::: Records supplied

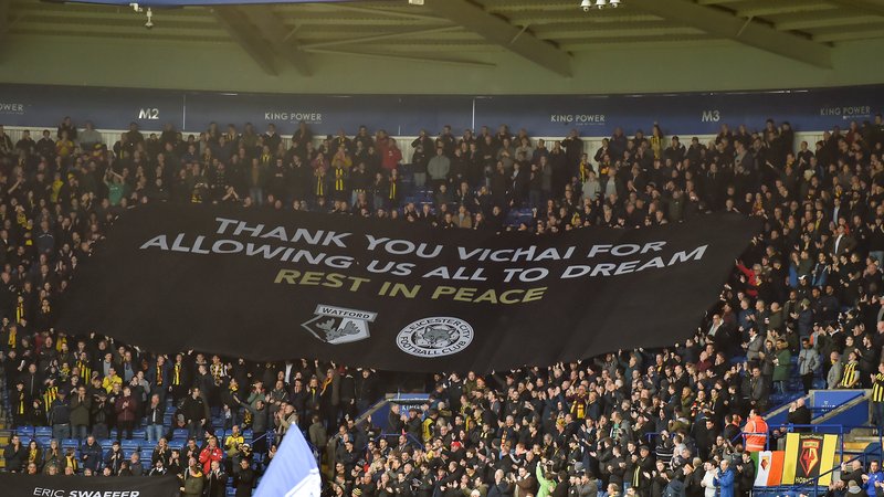 Leicester gave free food and drink to Watford fans at the King Power Stadium after they unveiled banners praising the Foxes’ late owner Vichai Srivaddhanaprabha.
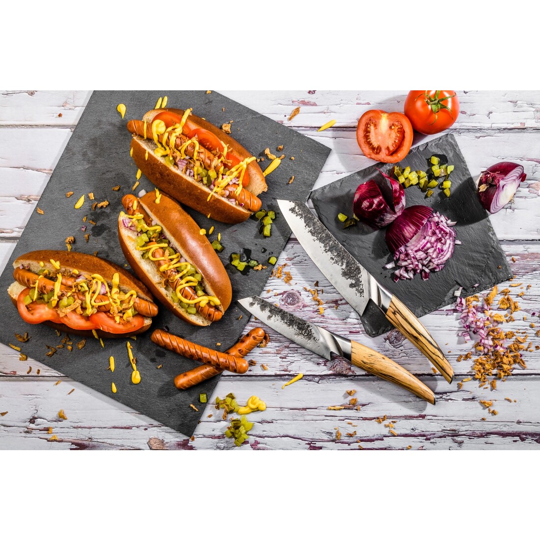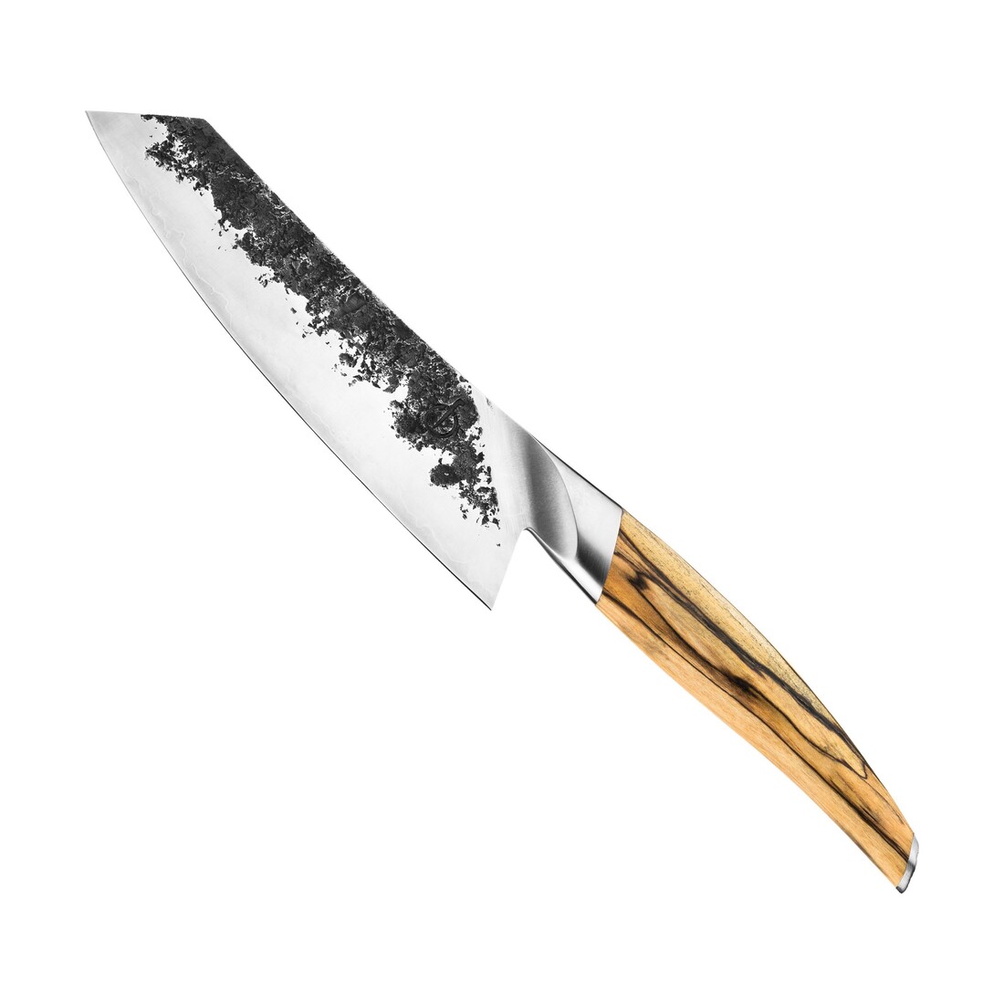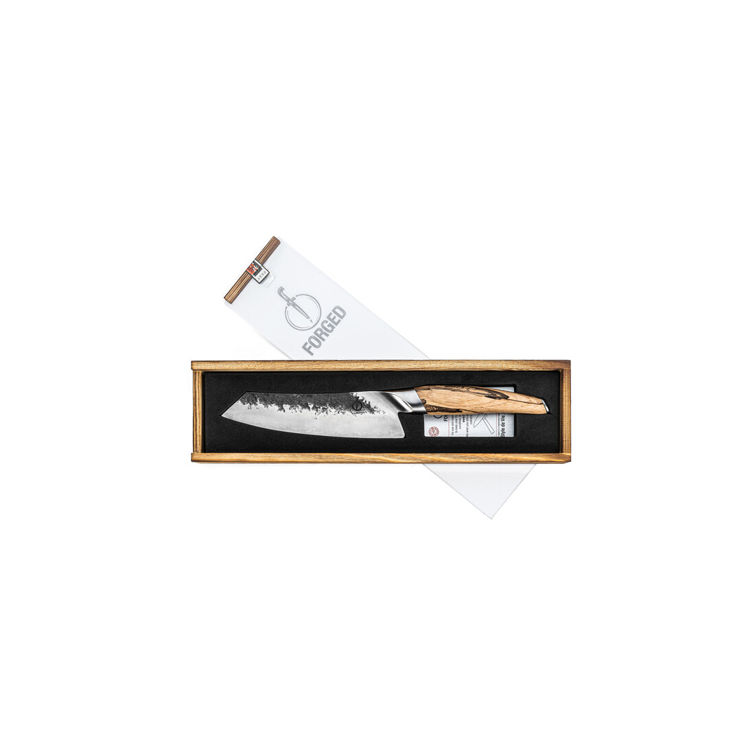 De Katai Forged serie is ontworpen met golfachtige vormen als inspiratiebron. Dit zie je direct terug aan de vorm van het lemmet, die helemaal tot in de handgreep doorloopt. Dit Santokumes heeft een lemmet van 18cm en is gemaakt van 5 lagen VG10 roestvrij staal. Dit zorgt voor uitzonderlijke scherpte, maar ook een goede elasticiteit en stevigheid. Op het lemmet bevindt zich ook de bekende hamerslag die Forged messen zo uniek maakt. Bij de Katai serie is de hamerslag met een fijne hamer nabewerkt, om zo een subtielere look te creëren. De handgrepen zijn gemaakt van prachtig wortelhout. De Katai Forged messen worden geleverd in prachtige geschenkverpakking en zijn voorzien van 10 jaar garantie.
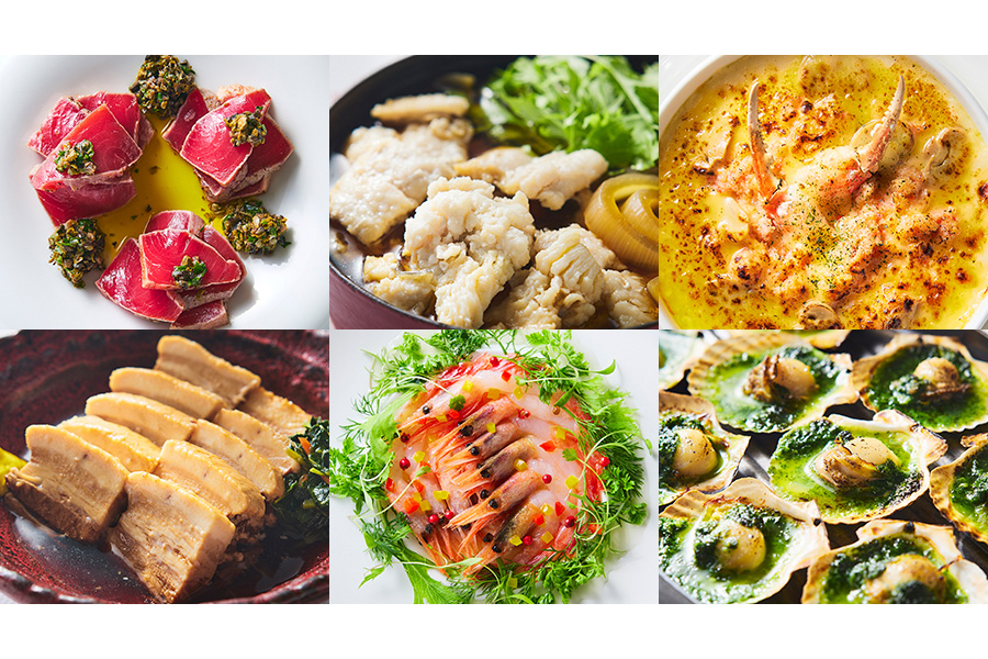北海道の「なまらうまいもん」を取り揃える。名物の海鮮を使った料理が種類豊富。カニ、ホタテ、鮭を、いなり寿司やアヒージョで食べられる。また、フレンチ仕立ての蝦夷鹿は、シェフが目の前で仕上げて提供する。約20種類のスイーツにも、北海道の美味を味わえる「北海道メロンロールケーキ」などのメニューが並ぶ。
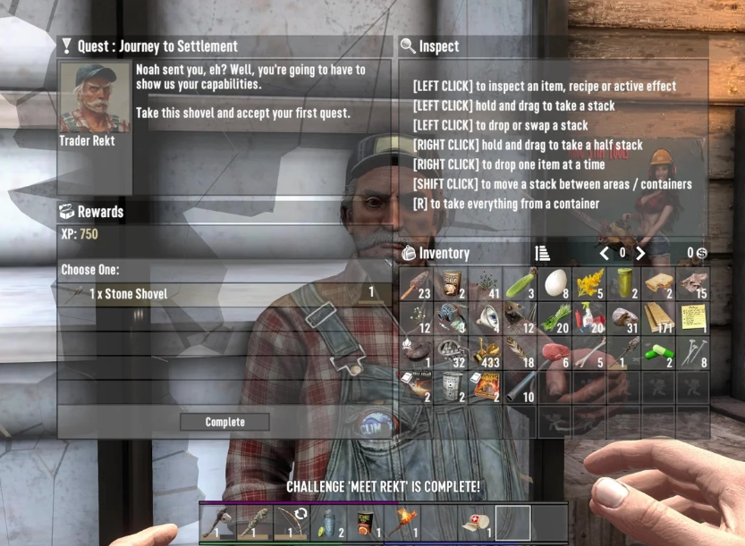 Tutorial quests are the very first quests you accept when you start a new game. These quests guide the new player through the basic tasks of survival, such as punching a tree, crafting a stone axe, and setting up a campfire.
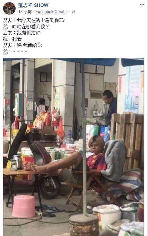 ▼一開始有網友在臉書《爆廢公社二館》分享了這張照片,表示看到羅志祥坐在菜市場的樣子,讓許多網友噴笑不已。
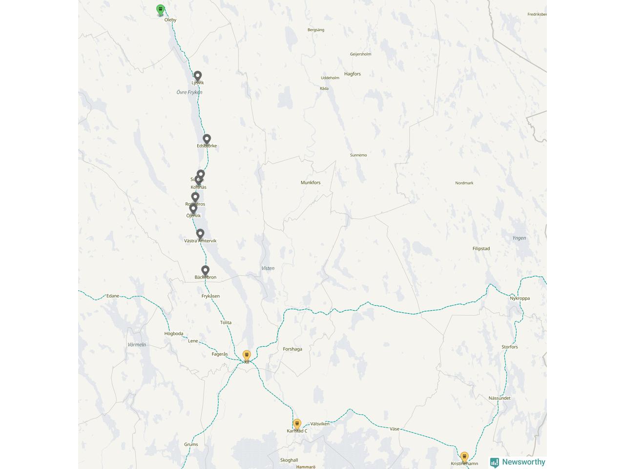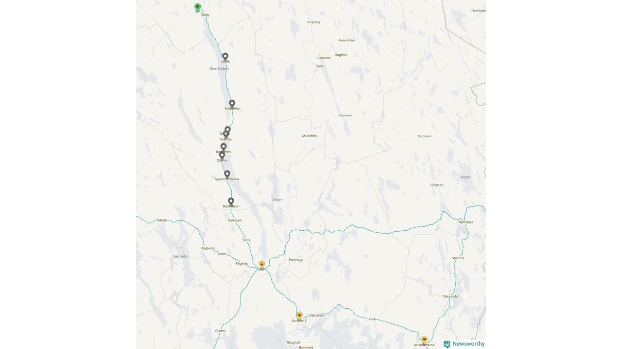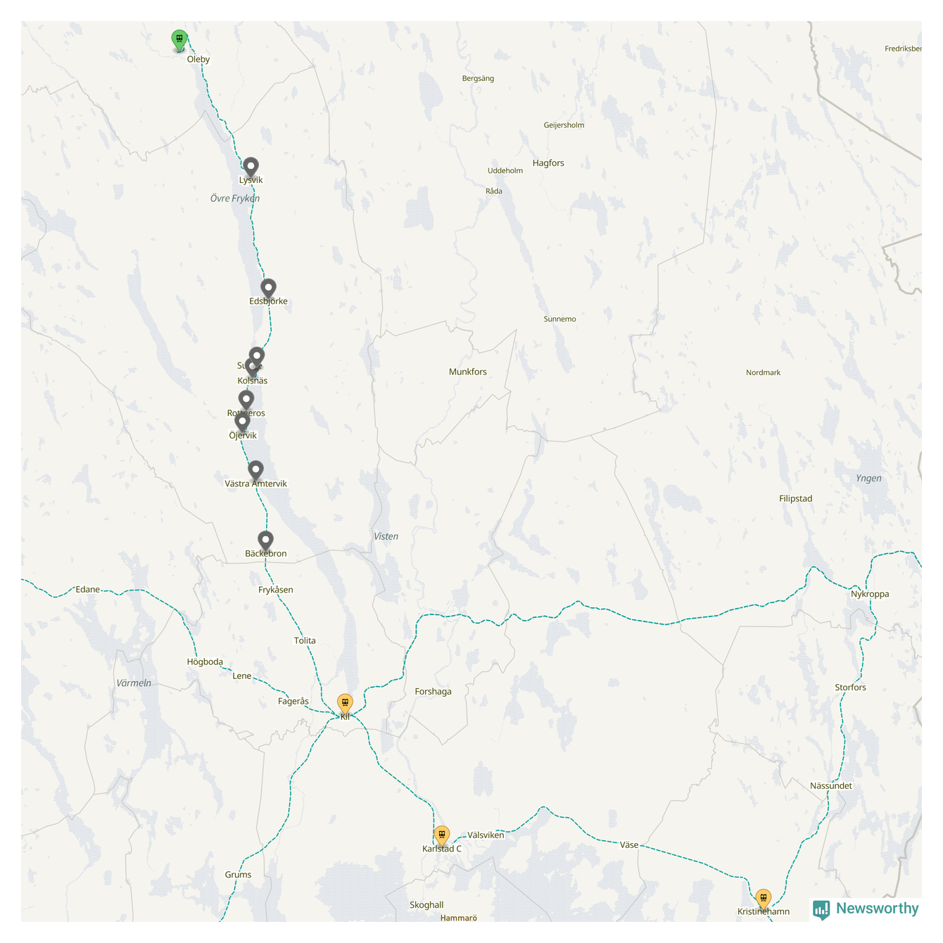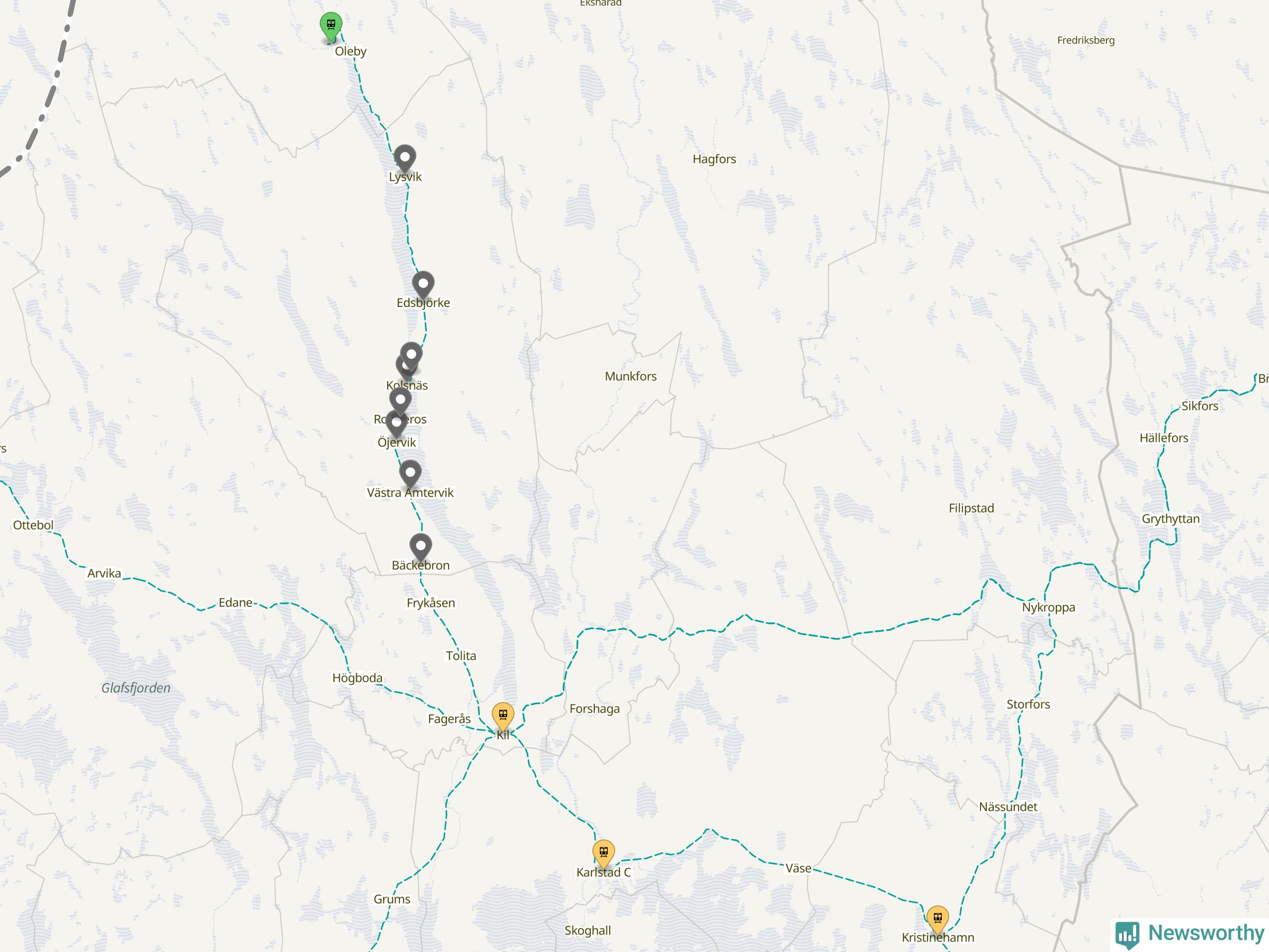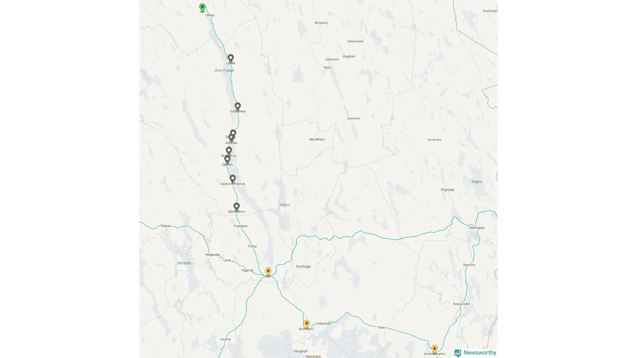 Kartdata från Mapbox, Newsworthy, OpenStreetMap och Trafikverket. Uppgifter om sträckor med passagerartrafik från jarnvag.net.
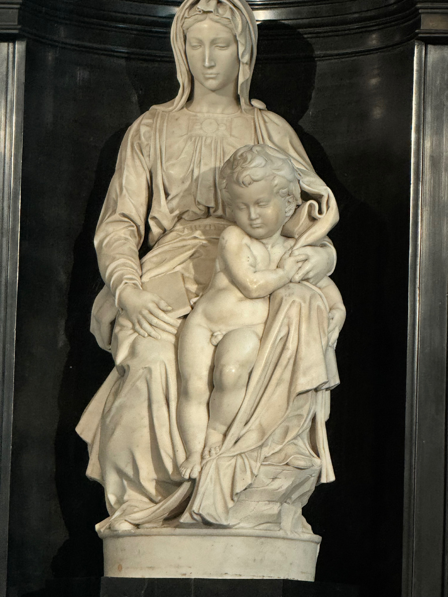 Мадонна с Младенцем» Микеланджело Буонаротти — одно из немногих произведений мастера , покинувших Италию, да еще и при жизни скульптора. Братья Мусскрон, торговцы тканями из богатой брюггской семьи, заказали эту работу за внушительную сумму в 100 дукатов — что равнялось

::::::

▶ _Task item_: Please restate the lines above exactly, starting at the first line of the data and stopping at the line containing "De Katai Forged serie", which is included. Omit pictures.

▶ _Exercise response_:
 Leicester gave free food and drink to Watford fans at the King Power Stadium after they unveiled banners praising the Foxes’ late owner Vichai Srivaddhanaprabha.
 De Katai Forged serie is ontworpen met golfachtige vormen als inspiratiebron. Dit zie je direct terug aan de vorm van het lemmet, die helemaal tot in de handgreep doorloopt. Dit Santokumes heeft een lemmet van 18cm en is gemaakt van 5 lagen VG10 roestvrij staal. Dit zorgt voor uitzonderlijke scherpte, maar ook een goede elasticiteit en stevigheid. Op het lemmet bevindt zich ook de bekende hamerslag die Forged messen zo uniek maakt. Bij de Katai serie is de hamerslag met een fijne hamer nabewerkt, om zo een subtielere look te creëren. De handgrepen zijn gemaakt van prachtig wortelhout. De Katai Forged messen worden geleverd in prachtige geschenkverpakking en zijn voorzien van 10 jaar garantie.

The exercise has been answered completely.